Segundo estudo, mulheres ganham dez anos vida saudável, e homens, oito

27 de Janeiro de 2020


Diversos estudos nos lembram que, por mais desafiador que seja, seguir hábitos saudáveis ​​- comer direito, exercitar-se regularmente, não fumar, manter um peso saudável e controlar a quantidade de álcool ingerida - pode nos ajudar a viver mais. Mas anos extras de vida não são tão atraentes se alguns ou a maioria deles vêm acompanhados de doenças cardíacas, diabetes ou câncer.

Em um estudo de 2018, um grupo internacional de pesquisadores liderados por cientistas de Escola de Saúde Pública de Harvard descobriu que a adoção de cinco hábitos saudáveis ​​poderia estender a expectativa de vida em 14 anos para as mulheres e em 12 anos para os homens:

-  Adotar uma dieta rica em plantas e pobre em gorduras
-  Exercitar-se em um nível moderado a vigoroso por várias horas por semana
-  Manter um peso corporal saudável
-  Não fumar
-  Consumir não mais que uma bebida alcoólica por dia para mulheres e duas para homens.

Para acompanhar esses dados, os pesquisadores queriam saber quantos desses anos adicionais eram saudáveis, livres de três doenças crônicas comuns: doenças cardíacas, diabetes tipo 2 e câncer. Em um estudo publicado recentemente no periódico BMJ, eles relatam que um estilo de vida saudável pode realmente contribuir para anos extras de vida - e mais livres de doenças.

Os resultados sugerem que as mulheres podem estender sua expectativa de vida sem doenças após os 50 anos em cerca de 10 anos, e os homens podem adicionar cerca de oito anos a mais do que as pessoas que não têm esses hábitos. "É importante observar a expectativa de vida livre de doenças, pois isso tem implicações importantes em termos de melhoria da qualidade de vida e redução dos custos gerais de assistência médica", diz Frank Hu, chefe do departamento de nutrição da universidade e principal autor do artigo.

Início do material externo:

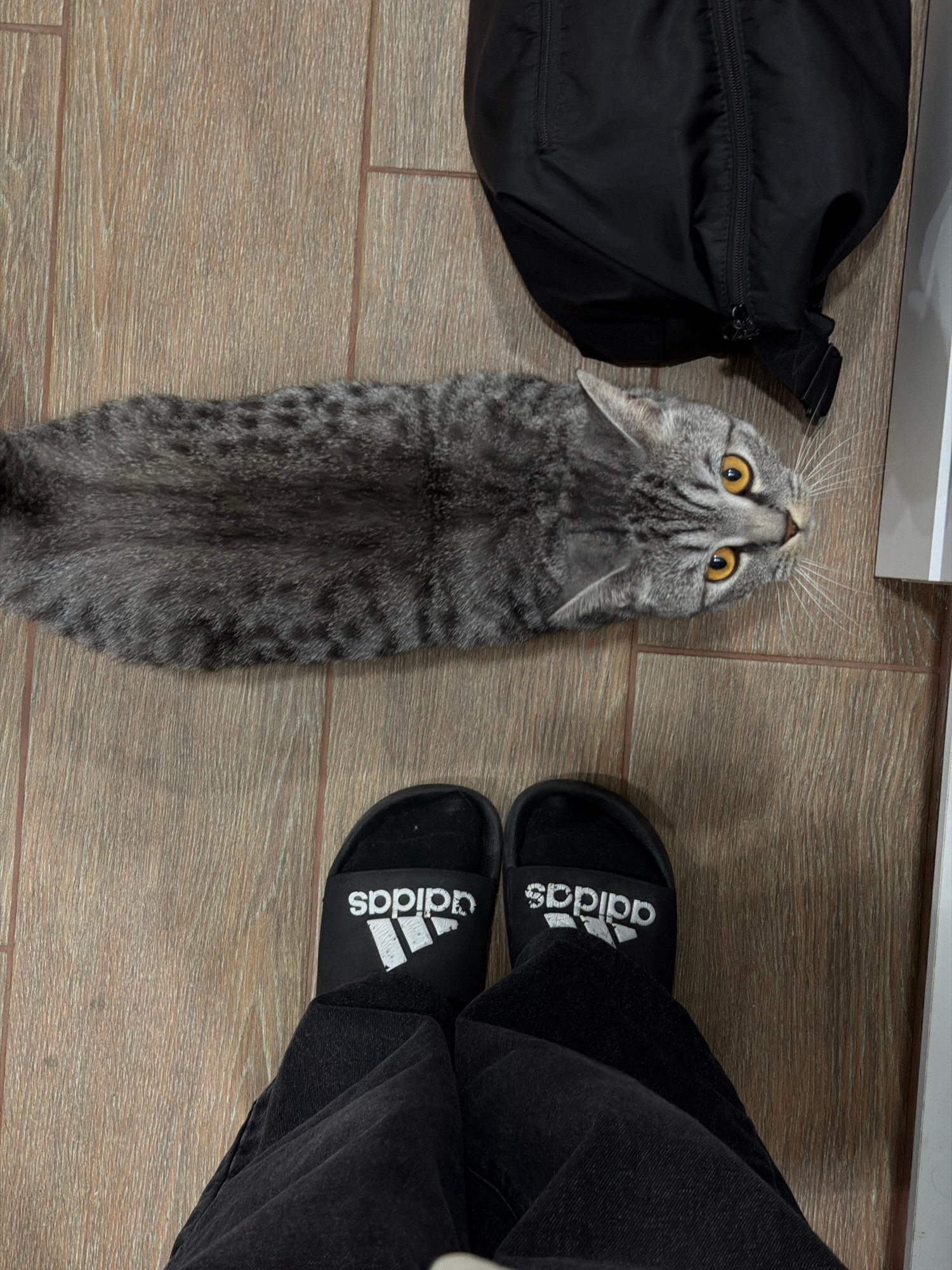 A gray tabby cat lies on a wooden floor, its head close to a black bag. A person in black pants and Adidas sandals stands nearby. The location is not identifiable as Yuzhny, Russia, based on the given…read more

“Prolongar a vida útil não é suficiente, queremos estender o tempo de saúde.” Para descobrir esses padrões, os pesquisadores analisaram dados coletados de mais de 111.000 mulheres e homens dos EUA com idades entre 30 e 75 anos, entre 1980 e 1986. Os participantes responderam questionários sobre seus hábitos de vida e saúde a cada dois anos até 2014. Com base em suas respostas, cada participante recebeu uma pontuação de “estilo de vida” de 0 a 5, com pontuações mais altas representando melhor aderência a diretrizes saudáveis.

Os pesquisadores tentaram correlacionar essas pontuações com quanto tempo os participantes viveram sem doenças cardíacas, câncer ou diabetes. As mulheres que relataram seguir quatro ou cinco dos hábitos saudáveis ​​viveram em média 34 anos a mais sem essas doenças após os 50 anos, em comparação aos 24 anos para as mulheres que disseram não seguir nenhum dos hábitos saudáveis.

Homens que relataram cumprir quatro ou cinco dos hábitos de vida viveram em média mais 31 anos livres de doença após os 50 anos, enquanto aqueles que adotaram nenhum deles viveram em média mais 23 anos após os 50 anos. Hu diz que nenhum dos cinco fatores se destacou como mais importante que os outros; os benefícios em salvar as pessoas de enfermidades e em prolongar a vida foram semelhantes nos cinco.

Além disso, as evidências sugerem que as contribuições de cada fator são aditivas - o número de anos de vida livre de moléstias adquiridas aumentou com cada hábito saudável adicional seguido pelos indivíduos. "As pessoas não devem ser desencorajadas a adotá-las se acharem um ou dois fatores difíceis de seguir", diz Hu.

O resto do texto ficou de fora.